The core-shell structures are designed to take advantages of each material to improve the photoelectrochemical (PEC) performance. Here we report a facile ion-replacement strategy for fabricating ZnO/ZnSe/CdSe/Cu2-xSe core–shell nanowire arrays grown on Fluorine-doped tin oxide (FTO) glass under hydrothermal conditions. Under illumination with AM 1.5G, the designed ZnO/ZnSe/CdSe/Cu2-xSe core–shell nanowire arrays exhibit superior PEC performance with the highest photocurrent density of 20.57mA/cm2, which is 29.4 times higher than that of the ZnO nanowire arrays at 0V versus Ag/AgCl, and achieve the incident photon conversion efficiency (IPCE) of 87.6% at 410nm without applying bias potential. The superior PEC performance of the ZnO/ZnSe/CdSe/Cu2-xSe core–shell nanowire arrays results from the synergistic effects of each material.
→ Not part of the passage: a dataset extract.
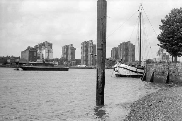 Worlds End and Chelsea Flour Mills from, Battersea, Wandsworth, London 1979 21h-56: river, River Thames, estate, flat, boat, flour mill,

Vertical aligned ZnO hexagonal prisms provided large specific surface area and electron access along the axial direction. ZnSe layer further extended specific surface area and the range of light absorption. CdSe layer enhanced the visible light absorption vastly and fully utilized the incident light. P-type Cu2-xSe layer produced p-n junctions, which could not only prevent the recombination, but also promote the separation and transmission of photo-generated electron-hole pairs. The synergistic action of each component in ZnO/ZnSe/CdSe/Cu2-xSe core–shell nanowire arrays led an outstanding PEC performance. The synthetic strategy achieved in this work can have promising applications for designing highly efficient electrodes of other materials for water splitting.